Killers of the Flower Moon

(Frankie) #1

12 A WILDERNESS OF MIRRORS


By the end of that summer, White began to suspect that there


was a mole inside the investigation. When one of his agents was
questioning a seedy local attorney—who, according to an
informant, was trying to “strangle” the government’s probe—the
attorney betrayed a shocking knowledge of the inner workings of
the case. Finally, he admitted that he’d “seen part of the reports
made by the Bureau...and had an opportunity to see more of
them.”


The bureau’s probe had long been plagued by leaks and
sabotage. One agent complained that “information contained in
reports immediately gets into the possession of unauthorized and
unscrupulous persons.” A U.S. attorney also discovered that the
reports furnished to him by the bureau had vanished from his
office. The breaches threatened the lives of agents and created
insidious doubts, with officials questioning each other’s loyalty.
One federal prosecutor demanded that no copy of his report be
“handed to any representative of the State of Oklahoma.”

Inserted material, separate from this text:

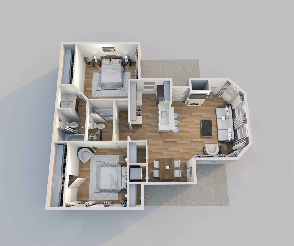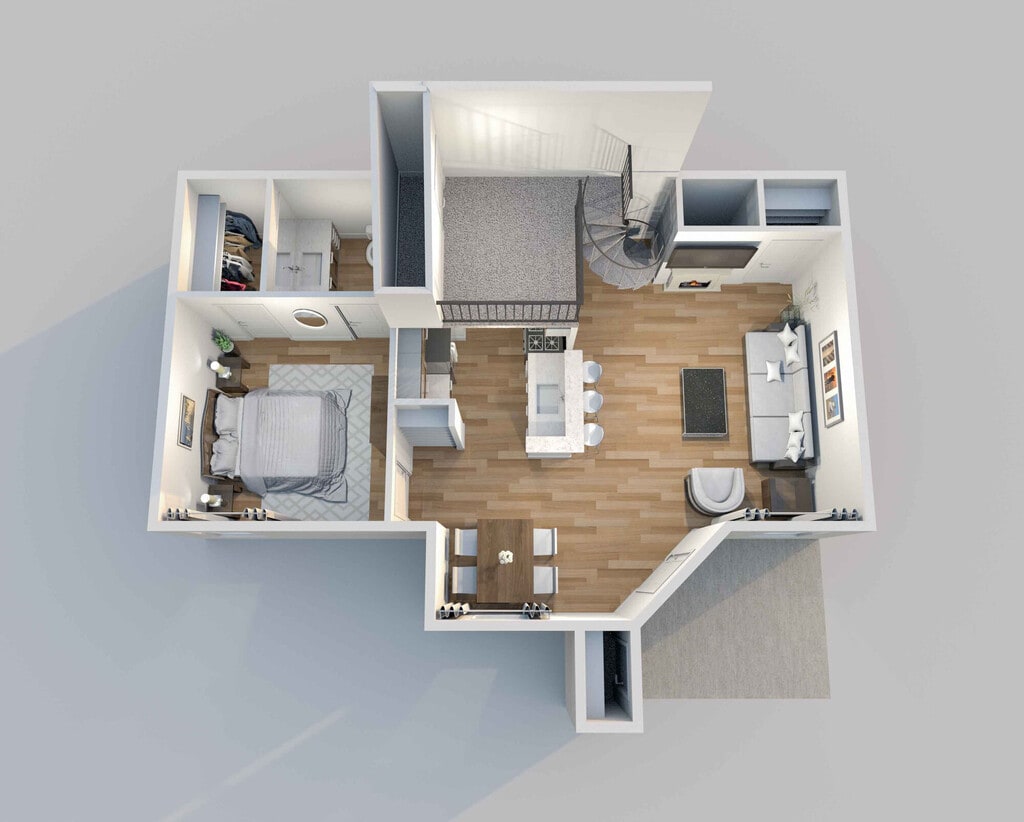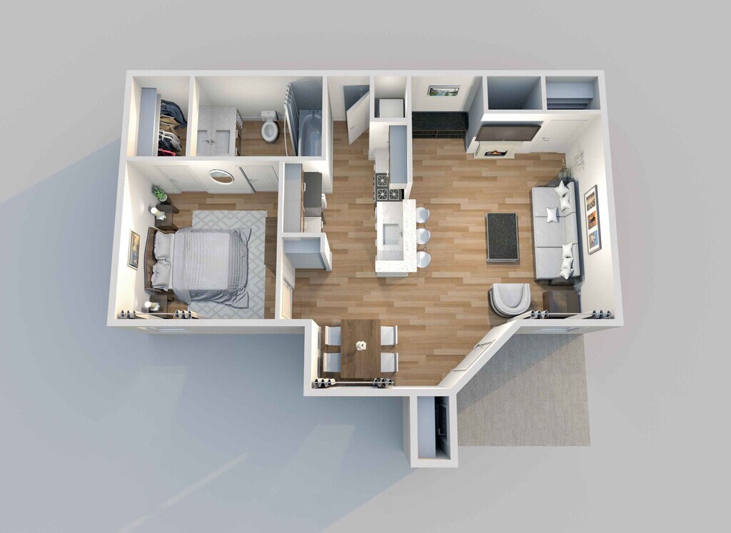 1 Dormitorio, 1 Baño, 829 pies²Disponible AhoraGalería del Modelo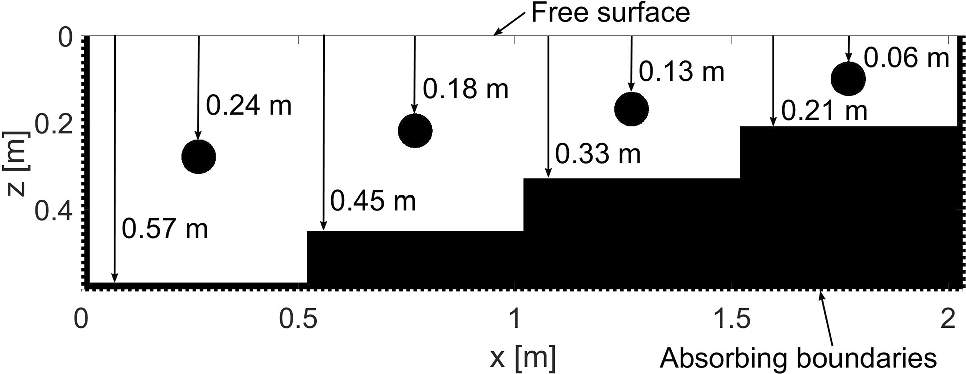 For the generation of the synthetic elastic P-SV ultrasonic data, we defined a 2D numerical concrete model which corresponds in its geometry to one of our laboratory specimens. More details on this specimen can be found in Reinhardt [64]. Our 2D model consists of a three-step homogeneous concrete layer surrounded by a 0.02 m thick layer of air at the sides and lower edge. The model is 2.04 m wide and 0.59 m deep. Four circular air voids with a diameter of 0.08 m are integrated into the concrete layer at different depths. The different thicknesses of the concrete layer as well as the depths of the air voids are shown in Fig. 4. Table 1 summarizes the material parameters used for modeling. We used a density value of 150 \(kg/m^3\) for concrete instead of the correct value of 2400 \(kg/m^3\). Using the true density value caused instability problems of the elastic simulations because, the elastic P-SV finite difference algorithm used here does not perform arithmetic averaging of the density, which is essential for stable simulation results at interfaces with large impedance contrasts [65]. By using an elastic P-SV RTM routine available at the Technical University Freiberg, we performed synthetic RTM evaluations on a small numerical concrete-air test model, each with a density value for concrete of 150 \(kg/m^3\) and 2400 \(kg/m^3\). A comparison of the two elastic P-SV RTM results showed no significant difference in the amplitudes. Hence, using a density value of 150 \(kg/m^3\) for concrete is a valid approximation.

Perhaps most damagingly, two private eyes, including one from
the Burns agency, tried to expose the bureau’s main informant,
Kelsie Morrison. These private eyes leaked to several local officials
that Morrison was working with the bureau, then went so far as to
detain him on a trumped-up robbery charge. Agent Burger said
that the conduct of one of these private detectives was
“reprehensible” and was “certainly hurting our investigation.”